Top

SANJAYOVACHA | ‘Brain Drain’ Gets Support of Govt with New Initiative

Unemployed youth willing to go to distant lands in search of employment is a natural and understandable phenomenon

There was a time when Indian policymakers and planners worried about the phenomenon that is known as the “brain drain” -- the emigration of talented and skilled Indians. Eminent economists like Jagdish Bhagwati and V.M. Dandekar explored ways to discourage, if not stop, it. For decades now Indians have gone overseas, on their own accord, in search of employment and a better life. We are now in an era when the Union government has decided to actively promote the export of Indian talent and skills, perhaps because the Indian economy is unable to make use of them at home.

None less than India’s external affairs minister Subrahmanyam Jaishankar recently extended his official imprimatur to a private sector initiative to “position India as a global talent hub to address international labour shortages”. This is the mission of the GATI Foundation (www.gatifoundation.org), that the external affairs minister launched recently. Surprisingly, there was little attention paid to this in the media, perhaps because working class and middle-class Indians have come to view overseas opportunities as a welcome exit route from Bharat’s “Amrit Kaal”. Till now most were seeking these opportunities on their own, now private sector Good Samaritans and the government are offering to facilitate such export. So, why not?

In Sanskrit, “gati” means motion, movement or progress.
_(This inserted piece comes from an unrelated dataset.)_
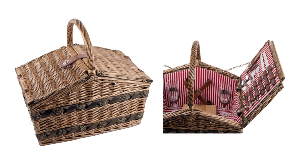 PIKNIK KOSÁR SZETT, 4 SZEMÉLYES, A FEDÉL KÉT OLDARA NYITHATÓ, BARNA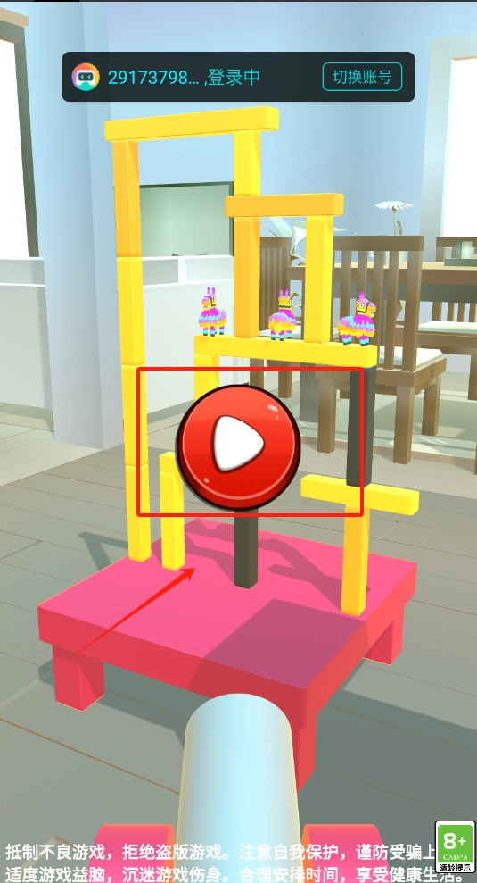 2、点击红色圆形按钮启动,看到黄色积木塔和小马玩具。

In Telugu it also implies fate. The fate of talented Indians is to quickly move out, with speed, and seek progress by emigrating. In his remarks at the launch of GATI, the external affairs minister summed up his lengthy speech stating: “My short point is that there is a demand in the world, an availability in India and the basic groundwork done to enable Indian talent to gain global access is there.” The government, he assured, will do its bit.

This column draws on my recently published book, Secession of the Successful: The Flight Out of New India (Penguin Random House, 2025), where I explore the changing nature of emigration from India and how earlier concerns about “brain drain” no longer seem to worry the Indian political leadership and the public policy world. In fact, GATI’s team leader, Manish Sabharwal, even declared in a newspaper column sometime back: “Brain drain is better than brain in drain”.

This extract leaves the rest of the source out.